After the 2020 spawning, Dennis and Danielle completed the final E5 November sampling period which consisted of another round of 3 intense field sampling days. They photographed and sampled the previously tagged coral colonies from the 3 target species at all 3 sites for physiological and molecular assays.

In tandem with the October-November sampling period, Danielle also focused on a project that tracked the acclimation dynamics of 3 coral species across a high frequency of genotypes at the physiological and molecular levels. Her work will contribute to the mathematical modeling teams aims in understanding environmental and epigenetic memory that will be useful to help describe how epigenetic changes scale from impacting organism physiology, to affecting the survival of threatened coral species. 

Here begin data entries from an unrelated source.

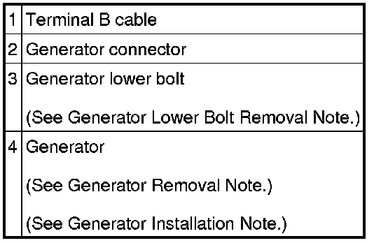 - The generator lower bolt cannot be fully removed from the engine because it contacts the body frame. However, the generator can be removed/installed without fully removing the lower bolt because there is a notch at the lower bolt installation part of the generator.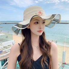 草帽女夏季防晒遮阳帽大沿沙滩海边大帽檐时尚度假出游太阳帽女式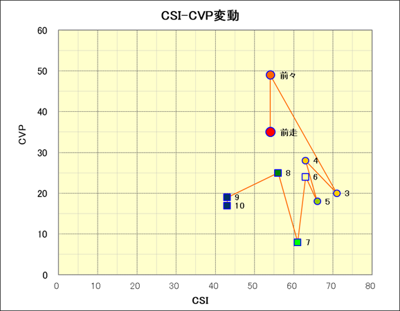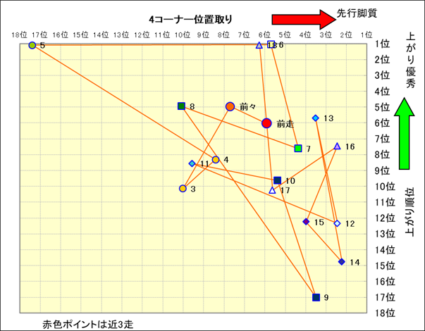 近走における4コーナーでの位置取りと上がり順位(頭数補正後) |

All in all, the team was able to achieve all goals safely and bring home samples for future analysis and processing thanks to strong teamwork, collaboration, organization, and planning. With all the hardships encountered this year, our team was grateful to be able to complete this research trip.

3

People

87

Days

16

COVID Tests

212

Corals Sampled

Sample collections, processing, and lab analyses.

With the help of colleagues from CRIOBE, all three field sites were visited in 3 consecutive days during the September 2020 and November 2020 sampling period, with previously tagged coral colonies photographed and sampled for physiological and molecular assays. All three species of coral (Acropora pulchra, Pocillopora spp., and Porites spp.) and one algal species (Turbinaria ornata) were sampled and all the environmental loggers were brought back to the lab at the Richard B. Gump South Pacific Research Station for data processing.